Wilmington, DE, August 12--The DuPont Co. on Wednesday sought a hearing to challenge federal allegations that the company failed to report health and environmental threats from a chemical used to make Teflon and other common consumer products, according to Delaware Online.
With millions in penalties at stake, DuPont alleged the Environmental Protection Agency abused its administrative discretion. The company also denied that the chemical was a threat and that it had failed to properly report releases and other information about the compound.
"DuPont fully and promptly reported to EPA all of the information it was supposed to report," the company said in a document filed Wednesday in Washington, D.C.
The EPA last month said DuPont for years violated federal pollution control laws by failing to report known concerns about the company's releases of perfluorooctanoic acid and its potential toxicity. The chemical, also known as C-8, lingers in the environment and now is being studied by the EPA on a priority basis for possible cancer risks and effects on animal or human reproduction and development.
Last month, an EPA official said the agency would seek millions in penalties for the reporting failures, but ruled out demands for the maximum fine, estimated at $300 million.
Company spokesman R. Clifton Webb said late Wednesday that DuPont would wait until today to discuss the filing, as a courtesy to the EPA. Federal officials reached late Wednesday had not yet reviewed the document.

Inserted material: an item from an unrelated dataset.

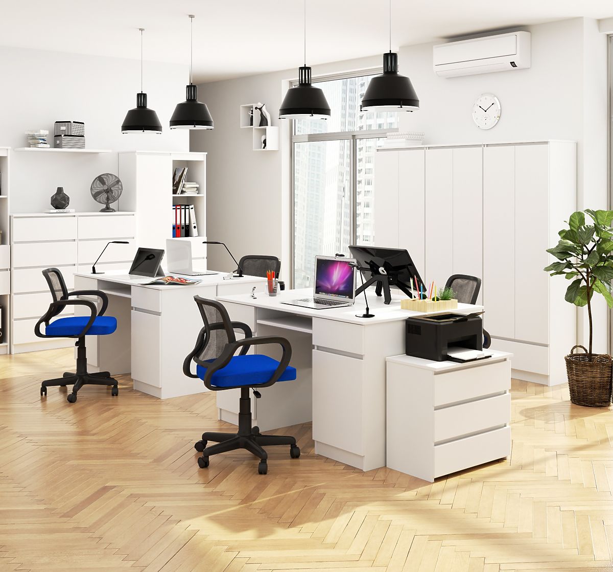 Le bureau A5 est fabriqué en panneau stratifié de haute qualité et robuste de 16 mm d'épaisseur. Tant le corps que les façades de ce meuble sont disponibles dans une couleur blanche à la mode et universelle. Le meuble est équipé d'une étagère pratique pour le clavier, de deux tiroirs et de deux armoires, offrant un espace de rangement considérable. Le plateau du bureau mesure 135 cm de long et 50 cm de profondeur, ce qui est suffisamment grand pour accueillir confortablement un moniteur, un ordinateur portable ou des fournitures de bureau. Ce bureau est spacieux tout en étant compact, avec une hauteur de 77 cm et chaque tiroir et armoire mesurant 40 cm de long. Grâce à ses dimensions et à son apparence esthétique et moderne, ce modèle est idéal tant pour une chambre d'étudiant que pour un bureau.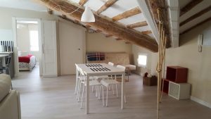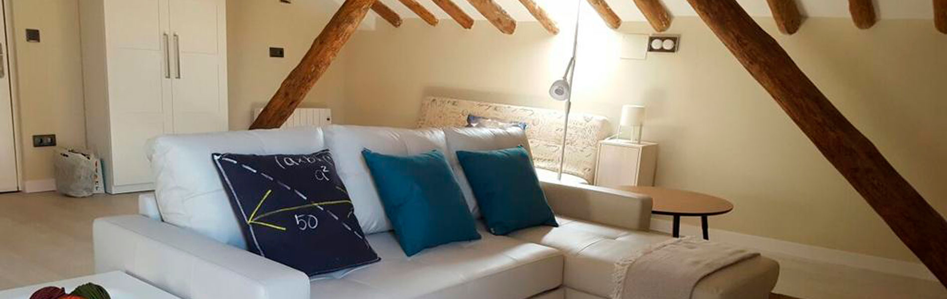 El ático está situado en un edificio Histórico – Artístico del siglo XIX en la céntrica Plaza de Santa Cruz dónde al igual que en 18 Torres I hemos conservado todos los elementos estructurales del edificio.

DuPont said it wanted to contest the allegations before an administrative law judge. The U.S. Court of Appeals would have jurisdiction in challenges to administrative rulings.
Timothy J. Kropp, a senior scientist with Environmental Working Group, a nonprofit environmental advocacy group, said DuPont had failed to answer the EPA claim that the company violated Toxic Substances Control Act and Resource Conservation and Recovery Act.
"They try to skirt the issues," said Kropp, whose Washington, D.C.-based group has called for a ban on perfluoronated compounds. "Their own research has shown that it's hazardous."
The EPA has alleged that the company failed to report widespread contamination of drinking-water supplies near the DuPont plant in West Virginia and DuPont failed to report data suggesting C-8 could contaminate the blood of unborn children based on tests of a pregnant employee's blood.
In a 57-page response, DuPont said the EPA lacked jurisdiction to require an evaluation of C-8 releases from a West Virginia factory landfill, and accused the agency of retroactively applying rules governing the reporting of health-risk concerns.
DuPont's response said one of the EPA's charges "seeks to punish DuPont for establishing a level of safety that exceeds EPA's requirements."
Traces of C-8 and related chemicals have turned up at low levels in the blood of humans and animals around the world. The EPA is conducting an investigation into how the chemicals enter and break down in the environment, and their potential risks to humans.
Compounds under study are used in a range of consumer products, including Teflon, carpet stain protectors, fast-food packaging, paper products, cleaning compounds and clothing. DuPont operations release some of the chemicals under study to the air and water in West Virginia and from the Chambers Works Plant in Deepwater, N.J., at the foot of the Delaware Memorial Bridge.
Webb said recently that DuPont had agreed to greatly reduce releases of the chemical.
DuPont said in its response that a panel that included EPA representatives had agreed to a C-8 standard for drinking water that would allow concentrations far higher than those found in West Virginia faucets. Critics, including the Environmental Working Group, have dismissed the study group as biased in favor of DuPont and the chemical industry.